Safety methodologies as you scale up even if the technology remains the same.
When generalization has say a 25% chance of not working every generation, you need to empirically verify it works on frontier models, or the EV of your research is cut by 25%.
If we won a pause in the first place, it’s more likely we’ll be able to permanently implement a careful scaling regime where all models are extensively tested during training and before deployment
Plausible to me, yes. But my experience with frontier models is that it’s possible-but-hard to prompt them into the kind of work I think is relevant. Perhaps that’s good enough to make your point hold, though. It does weaken my original argument if this line is correct.
If you’re doing work that isn’t guaranteed to work for any future approach, you’re not doing work that can possibly be durable. At some point in some deployment of some model, the derivative of intelligence has spikes large enough to go through the safety barriers in a way that produces an adversarial glider. That adversarial glider can potentially come up with the least-convenient new technique. You need to be durable in the face of that, which means somehow being sure that you can detect those potential gliders before, and ideally also after, they happen.
To put it another way, what I’m trying to know is whether the thing you’re describing—incrementally doing control work in tandem with capability growth—is qualitatively a durable thing to be doing. That’s what I want a pause to figure out. The kind of work you’re describing is object-level to the kind of work I think needs to be done. Qualitatively, how do you design, in 1930, an aircraft research program that can be known ahead of time to not ever produce a fatality, given that you know you don’t know all the relevant dynamics?
I don’t know how to parse this line.
Tell me how you’re going to make the probability of generalization failure quickly asymptote to 0 and I’ll be happy, even if your answer is a description of an ongoing maintenance research program, as long as you can tell me why that research program produces an asymptote to zero. It’s okay if it takes multiple rounds and involves frontier models, it’s okay if it involves ongoing maintenance, but it’s not okay if the meta level of “will my ongoing maintenance become reliable?” is itself an ongoing question.
Agreed. I want to know how to be sure we’re in that regime. That’s what I would call “solving” the alignment problem. Once we can know whether we’re in that regime, I would feel much less at-risk.

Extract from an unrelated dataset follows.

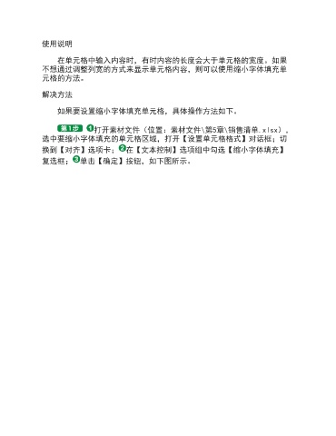 使用说明 在单元格中输入内容时,有时内容的长度会大于单元格的宽度。如果 不想通过调整列宽的方式来显示单元格内容,则可以使用缩小字体填充单 元格的方法。 解决方法 如果要设置缩小字体填充单元格,具体操作方法如下。 打开素材文件(位置:素材文件\第5章\销售清单.xlsx), 选中要缩小字体填充的单元格区域,打开【设置单元格格式】对话框;切 换到【对齐】选项卡; 在【文本控制】选项组中勾选【缩小字体填充】 复选框; 单击【确定】按钮,如下图所示。

Right now it looks like we don’t even know what the full list of requirements for that regime are, though we’re a lot closer to knowing than we were even a year ago. I’m hopeful that it can be done.
But if we never can identify reliable meta-level safety principles that have appropriate conditionals so that, if their safeguards ever stop applying, the response is to reliably automatically pause until new safety principles are identified, then I can never feel fully comfortable.
Incidentally, this feels like as fine a time as any to mention I still think scale-down experiments are a critical test bed for all scale-up safety principles.